%%

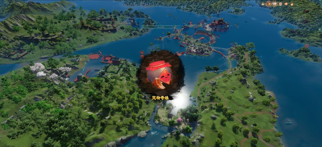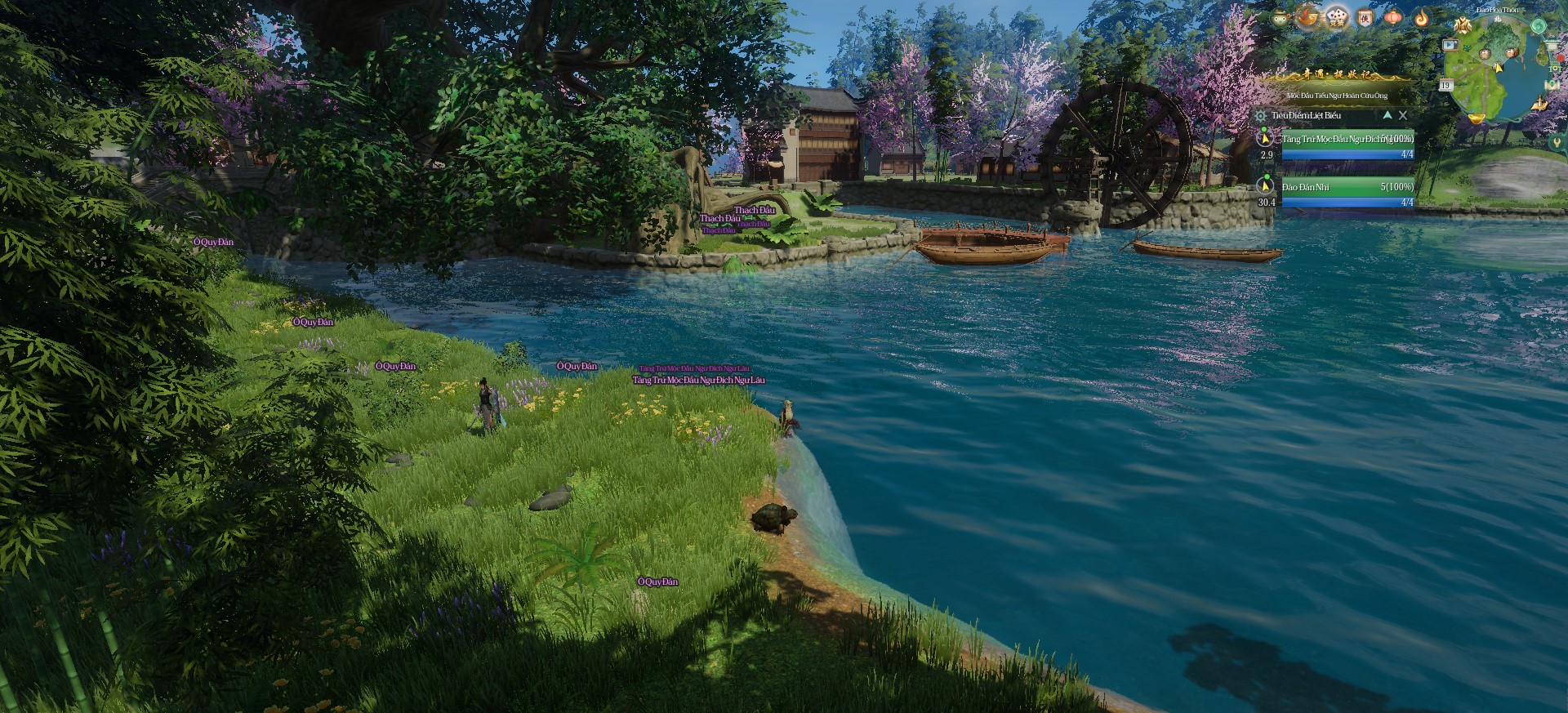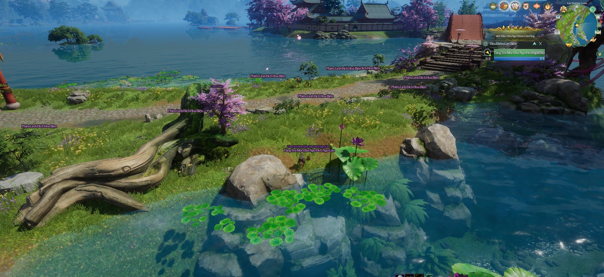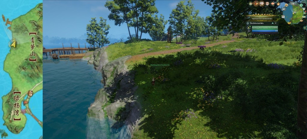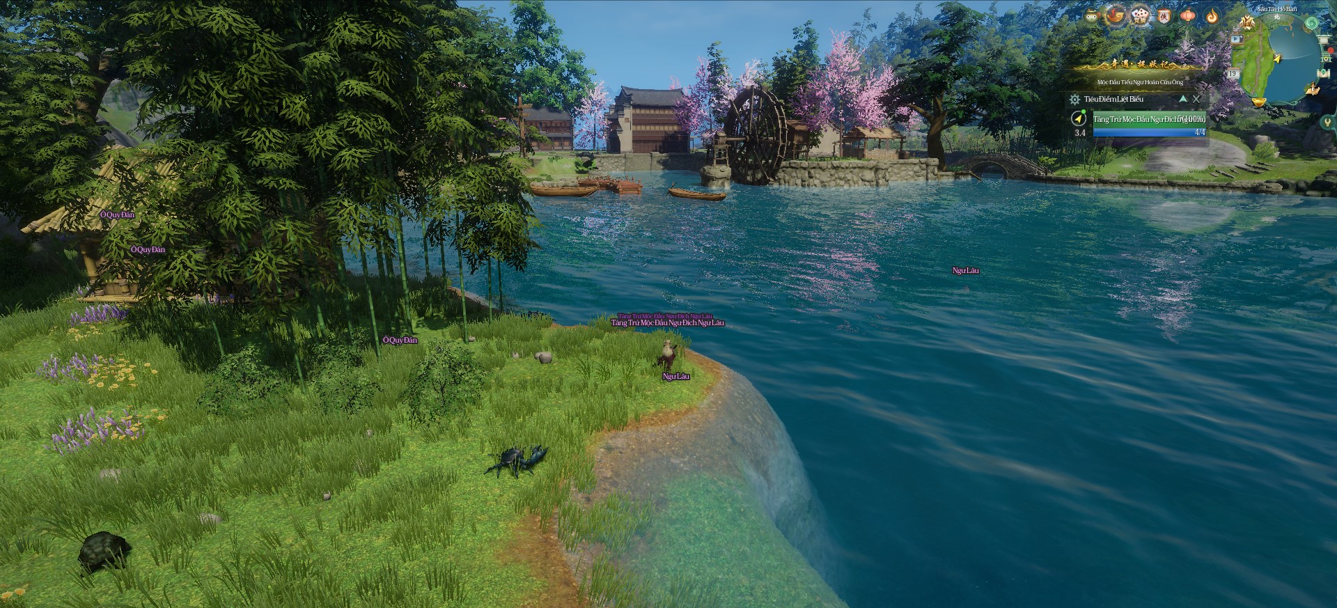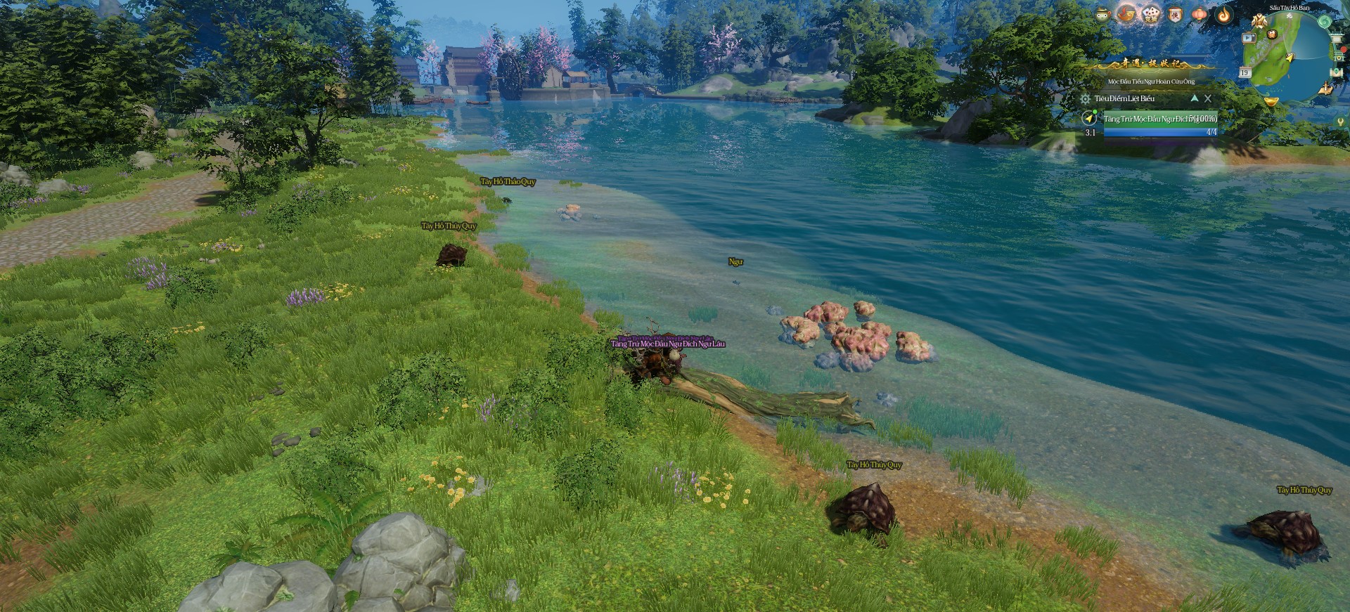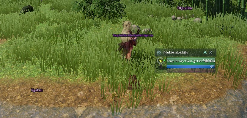 Đi tìm và tương tác với Tàng Trứ Mộc Đầu Ngư Đích Tiểu Ngư Lâu [藏着木头鱼的小鱼篓] (vị trí ngẫu nhiên như hình dưới) nhặt được Vị Khắc Hoàn Đích Mộc Đầu Ngư [未刻完的木头鱼] mang về giao cho Đào Cửu Ông.
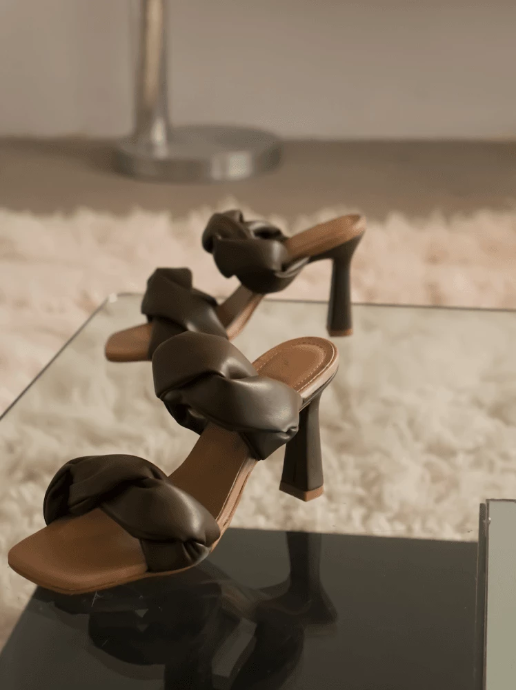 Handmade in soft vegan leather, with a 85mm heel and soft straps that tie up into a breezy knot over the foot. Available in black leather. A pump with a high 85 mm heel and padded twisted straps.
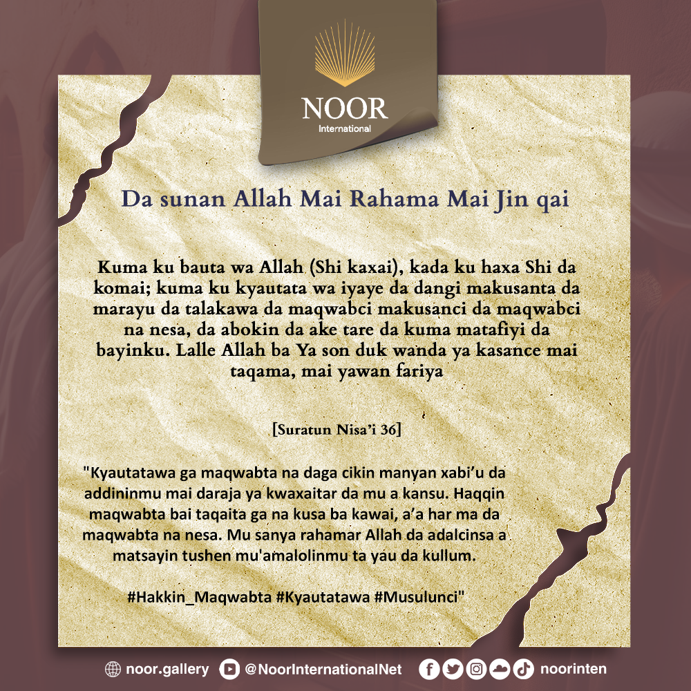 Kyautatawa ga maqwabta na daga cikin manyan xabi’u da addininmu mai daraja ya kwaxaitar da mu a kansu. Haqqin maqwabta bai taqaita ga na kusa ba kawai, a’a har ma da maqwabta na nesa. Mu sanya rahamar Allah da adalcinsa a matsayin tushen mu'amalolinmu ta yau da kullum. #Hakkin_Maqwabta #Kyautatawa #Musulunci"
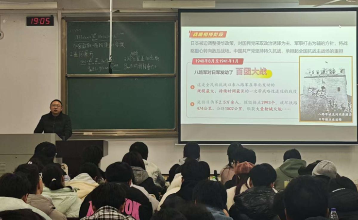 2025年12月10日,校党委常委、副校长高跃峰在5102教室讲授形势与政策课程专题“纪念抗战胜利,坚定民族信念”,引导学子铭记历史、赓续红色血脉。课程以“铭记历史正义必胜”开篇,梳理十四年抗战壮阔历程,强调抗战胜利是近代以来中国抗击外敌入侵的首次完全胜利。高校长结合英雄母亲邓玉芬等事迹,阐释抗战精神的丰富内涵。他指出,学子们要以史为鉴,将抗战精神内化于心、外化于行,以扎实本领为民族复兴贡献青春力量。本次专题课程实现了历史教育与价值引领的深度融合,强化了学子的民族自信与时代使命感。
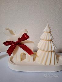 composizione candele in cera di soia albero disponibile bianco, rosso o verde. piattino in gesso riutilizzabile. bellissima decorazione per natale
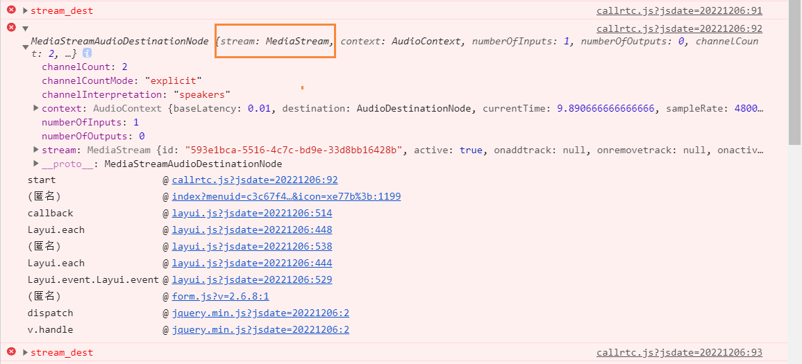 获取元素的MediaStream方法添加逻辑判断--添加作用原因就是页面在不刷新情况下不会重复生成新的【关联音频流stream_dest的对象】和【音源track】
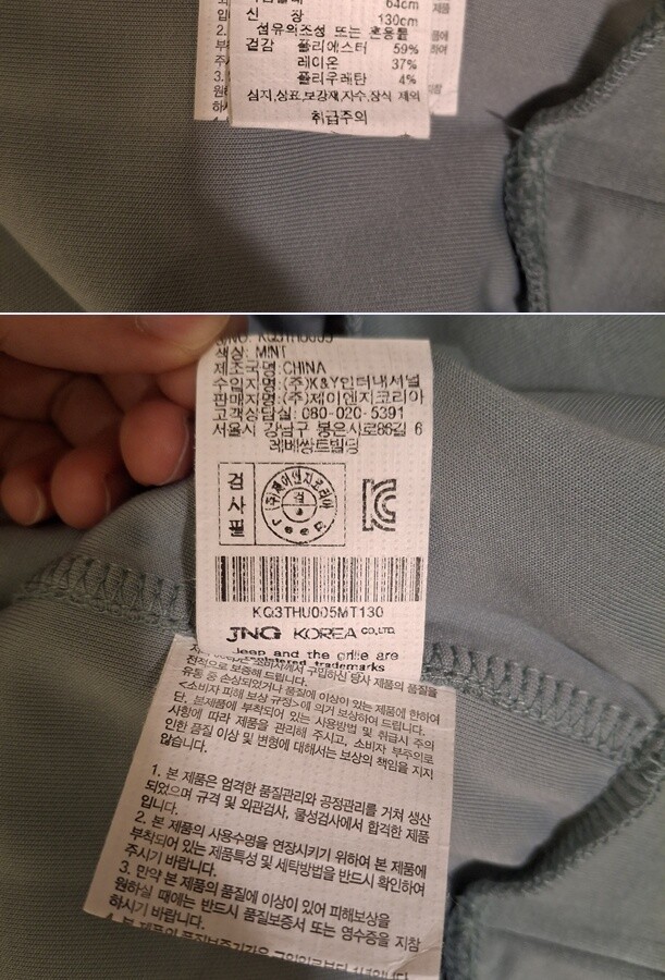 제품소재 : 겉감-폴리에스터59%, 레이온37%, 폴리우레탄4%
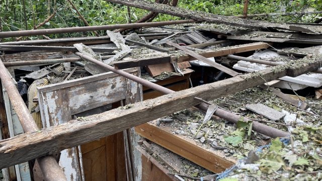 Пошкодило дах, в основному. Щось із дрона скинули: чи гранату, чи бомбу якусь. Побило дерева, виноград — все облетіло. Хата ціла, а у прибудові, де ванна і кухня, шифер побитий", — сказав чоловік.

%%

Task brief: Would you please output only the lines from the start of the material above up to and including the line with "Kyautatawa ga maqwabta", exactly as they appear and without pictures?

Answer:
 Đi tìm và tương tác với Tàng Trứ Mộc Đầu Ngư Đích Tiểu Ngư Lâu [藏着木头鱼的小鱼篓] (vị trí ngẫu nhiên như hình dưới) nhặt được Vị Khắc Hoàn Đích Mộc Đầu Ngư [未刻完的木头鱼] mang về giao cho Đào Cửu Ông.
 Handmade in soft vegan leather, with a 85mm heel and soft straps that tie up into a breezy knot over the foot. Available in black leather. A pump with a high 85 mm heel and padded twisted straps.
 Kyautatawa ga maqwabta na daga cikin manyan xabi’u da addininmu mai daraja ya kwaxaitar da mu a kansu. Haqqin maqwabta bai taqaita ga na kusa ba kawai, a’a har ma da maqwabta na nesa. Mu sanya rahamar Allah da adalcinsa a matsayin tushen mu'amalolinmu ta yau da kullum. #Hakkin_Maqwabta #Kyautatawa #Musulunci"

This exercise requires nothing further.